Indeed, what would be your reaction, if you were tortured - or "merely"
treated indecently, by such harsh interrogation techniques - especially when
you knew subjectively that you possessed no information of any character,
vital or otherwise?  Tens of thousands of Iraqis have been arrested by the
US and its agents, in massive security sweeps, in the last few weeks.  The
momentary success of such random arrests necessarily may have reduced,
somewhat, but quite incidentally, the alleged levels of violence in Iraq.
However, from a human rights point of view, you would have to ask, and even
to see what is happening to these tens of thousands of people.

This is the moment of torture and human rights abuse, seeking its small
moments of temporality, lowering the standards of humanity, for a gain that
can not be sustained, at the price of inflicting larger long term losses,
soon afterwards.  I would predict, I am almost certain, prophetically, that
when these tens of thousands are released, in the coming months, the levels
of violence in Iraq will reach even higher and more deadly levels.  That is
what happens when you torture people - when you subject them to harsh and
indecent treatments - when you treat them like objects and not like human
beings.

Common Humanity may be a high standard, but we will never reach it, nor even
come nearer to it, in Iraq, or in America or anywhere in this world, by
increasing our practices that are antithetical to it.

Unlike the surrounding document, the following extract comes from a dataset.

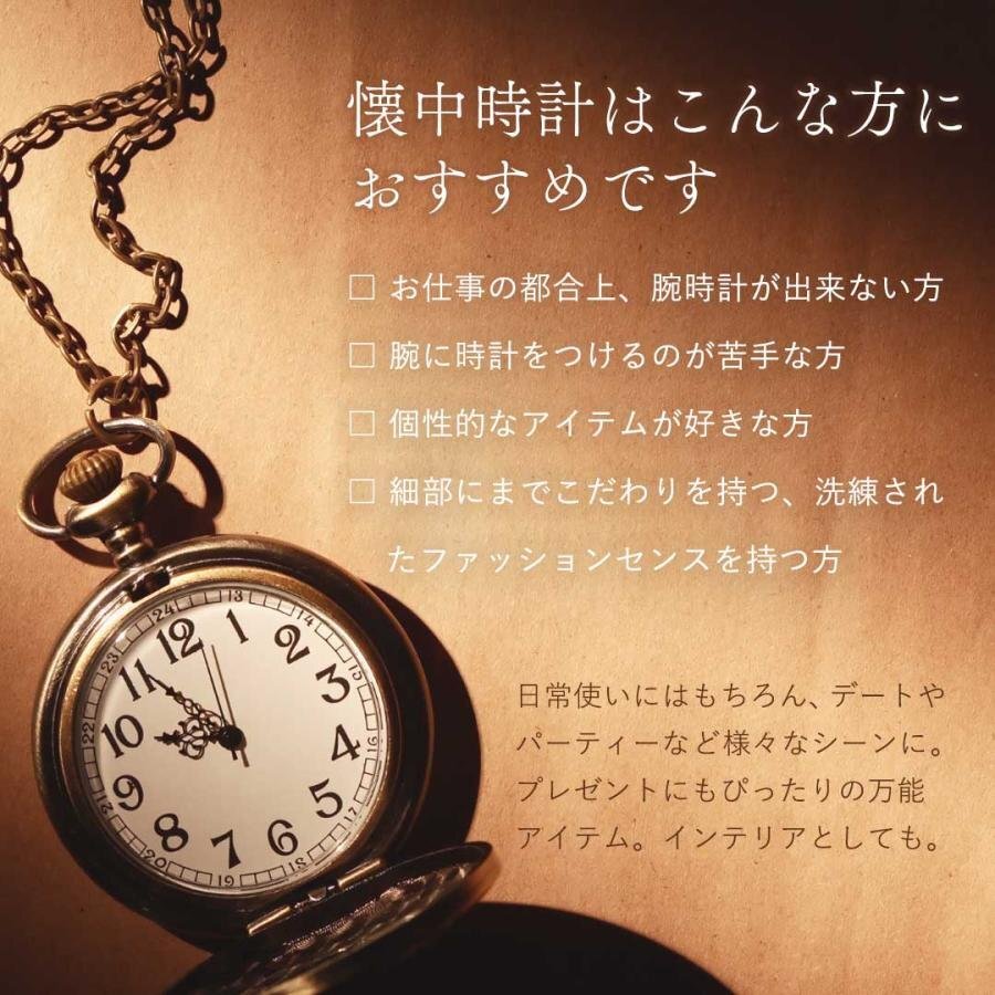 その上品で訴えかけるような魅力、現代の時計とは一線を画した外観やデザインの違い、また細部にわたる作りやデザインの良さも相まって、アンティーク風懐中時計はその美しさを語りかけるように訴えかけてきます

This is the argument of the Bush lawyers.  They are generally morally
confused about the standard for the rule of law.  The standard for law lies
in the difference between private opinion and public opinion.  Bush's
lawyers have constantly asserted - solely on the basis of their own present
holding of power, alone -- that their private opinion, as to what the law
ought to be, is the law that is now ruling.  They have, in short, no moral
faith in the rule of law, as that which might be transcendent, above all
people, and their own private opinions.  In the hubris of power, they have
effaced the law, obscured its features, and arrogantly inserted their own
chosen images as the proper idols to be worshipped.  But, law is never so
accidental, never so speculative - though ever tyranny would have you
believe that only its claims to power matter.

Law is not the personal whimsy of kings and other such tyrants, of men like
Saddam Hussein, Stalin or Bush.  These latter are men who inspire terror,
who rule by fostering fears.  They would ever hold humanity down, to glory
in the vanities at their own elevations and personal powers.  Such is
foolish vastness of moral evil in all their empires.  Yet, it is their
ideology that ever commonly pervades the many who now would rule in their
name.  Such is the sad moral tale of the Bush war gang's criminal
conspiracy, against Iraqis, or Americans, even against all humanity.